O Pan-óptico é tragicamente semelhante ao que vivemos hoje no Brasil, com a tentativa – muitas vezes, bem-sucedida – de prejudicar, nos âmbitos profissional e financeiro, pessoas ou empresas que manifestem opiniões e atitudes contrárias às crenças e posições de grupos políticos. Essa postura perante posições contrárias, quando imposta de forma coordenada, sistemática e reiteradamente, tende a produzir uma série de efeitos socialmente deletérios.

A perda do emprego, de contratos, de patrocínio, de reputação, entre outras consequências experimentadas pelas pessoas que caíram na desgraça daqueles que conduzem campanhas de cancelamento, fazem com que outras pessoas pensem várias vezes antes de externar suas perspectivas. Essa sensação de constante vigilância e de possibilidade de ser punido por cometer deslizes ao compartilhar seu pensamento, tende a reduzir significativamente a espontaneidade do indivíduo.

De permeio, a assepsia do politicamente correto, tende a exterminar, da arena do debate público, temas que considera verdades indiscutíveis. Isso desfavorece a pluralidade do debate (vide artigo “Diabo, Machado e Liberdade de Expressão” deste colunista) e fomenta uma postura de indiferença e desconfiança em relação às manifestações aprovadas pelo filtro purificador de opiniões.

A exemplo do que ocorre com o prisioneiro, no Pan-óptico, a constante vigilância (patrulhamento das redes sociais) e a real possibilidade de punição (demissão, perda de reputação etc) tendem a fazer com que as pessoas se abstenham de qualquer declaração que possa gerar conflito com grupos sociais mais bem-sucedidos em prejudicar reputações, finanças e carreiras.

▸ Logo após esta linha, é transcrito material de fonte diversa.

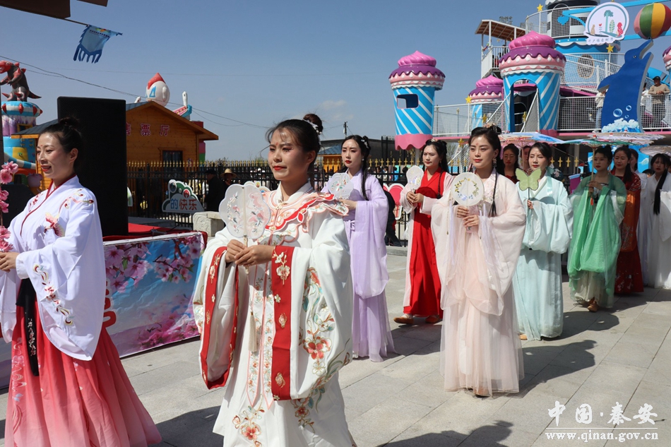 为进一步激发千户镇文化旅游市场活力,拉动文化旅游业消费,打造乡村旅游发展名片,增强对中华传统美德及传统文化的认同感,4月14日,“桃乡汉服秀 情暖杏树湾”2023年甘肃秦安桃花会之千户镇杏树湾游园系列活动开幕。秦安县领导王育盛、吴建忠、逯虹,以及县商务局、文旅局负责人,千户镇全体领导班子成员、群众代表、镇村干部参加活动。

Contudo, ao invés de absorver os valores subjacentes aos movimentos de cancelamento, as pessoas executam, automaticamente, aquilo a que estão previamente condicionadas pela perspectiva da punição.

No nosso sentir, o livre debate de ideias é a principal ferramenta das democracias para permitir que novos costumes e ideias aflorem do povo e galguem status legal ou sejam rejeitados pela sociedade. O cerceamento da liberdade de expressão e a consequente desidratação do debate público impostos pela cultura do cancelamento e por comportamentos afins são, a nosso ver, extremamente danosos à democracia, regime político que muitos dos grupos de cancelamento dizem proteger. Portanto, a nosso ver, faz-se necessário que as organizações e entidades públicas apurem mais adequadamente, com amplo direito de defesa e contraditório, as atitudes imputadas aos seus funcionários e enfrentem, com mais resiliência, as hordas de cancelamento que virão.